#### Task instructions:
Starting with the line that contains "테이블마다 키오스크가 있고, 한국어/영어/중국어/일본어", copy every line through the end of the listing, exactly and only those. No pictures should appear in the copy.

#### Supplied material:
──────────────────────────────

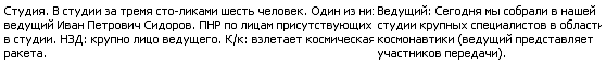 Попросите на студии сценарий телевизионной передачи... Скорее всего, вам предложат рукопись такого вида: лист разделен пополам, с левой стороны написано про то, что должно быть изображено на экране, а с правой – слова, которые произносятся за кадром или в кадре участниками передачи. Ну, примерно так:
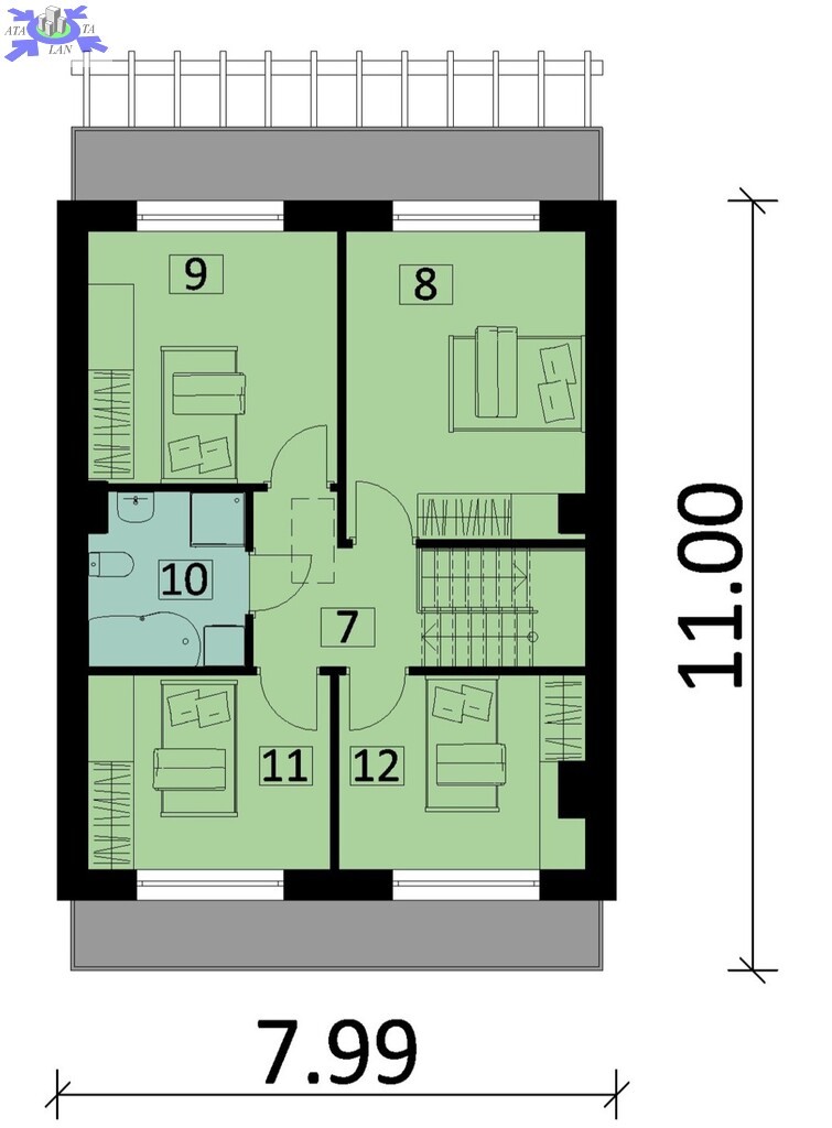 Piętro - cztery pokoje, łazienka z WC oraz korytarz.
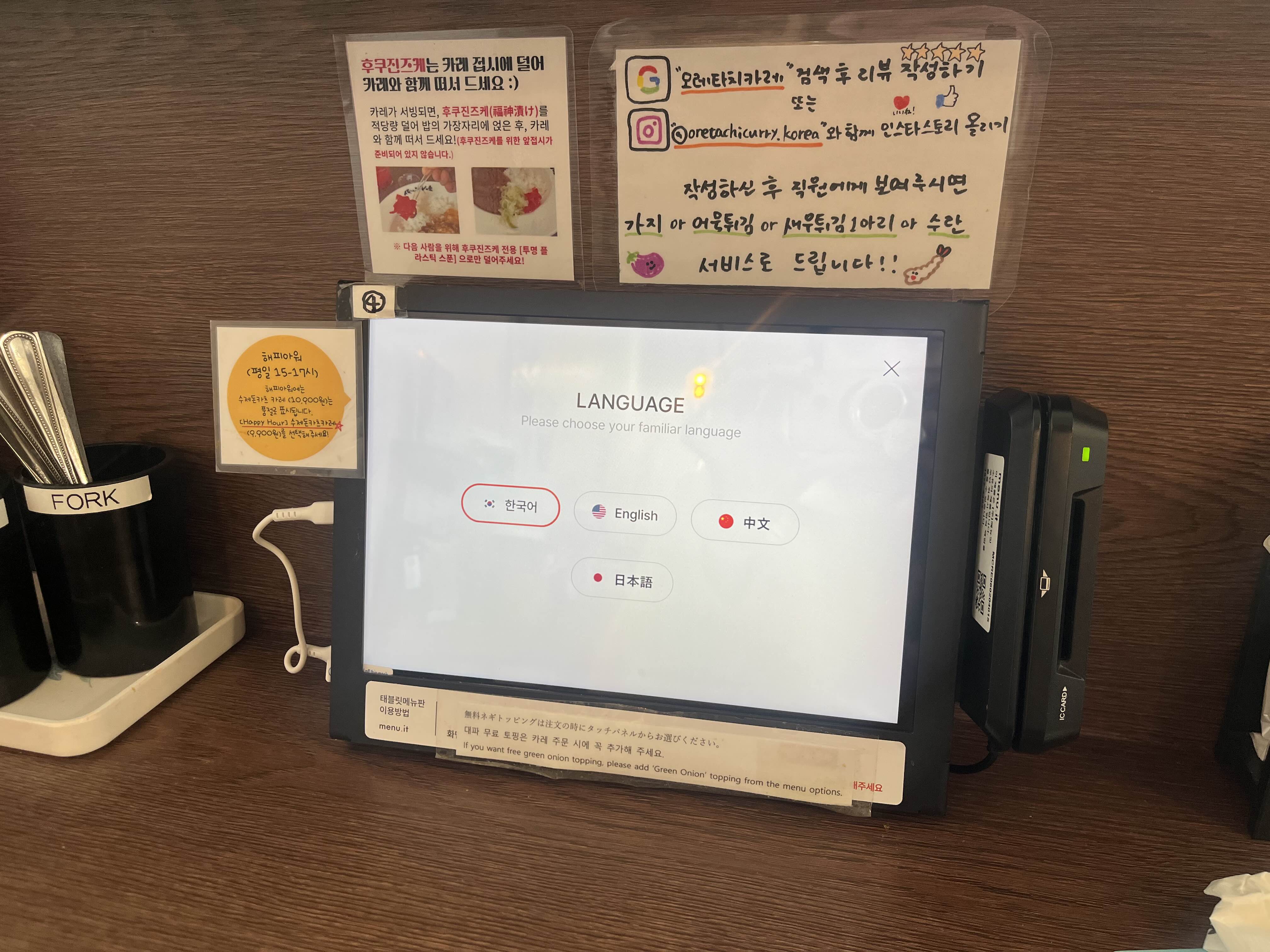 테이블마다 키오스크가 있고, 한국어/영어/중국어/일본어 다 선택 가능하더라구요.선불결제방식입니다.
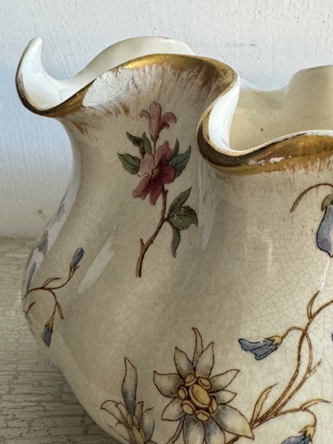 波打つようにうねるリム(口縁部)には上品な金彩が施され、器全体に手描きの花々が繊細に彩られています。

──────────────────────────────

#### Answer to this task:
 테이블마다 키오스크가 있고, 한국어/영어/중국어/일본어 다 선택 가능하더라구요.선불결제방식입니다.
 波打つようにうねるリム(口縁部)には上品な金彩が施され、器全体に手描きの花々が繊細に彩られています。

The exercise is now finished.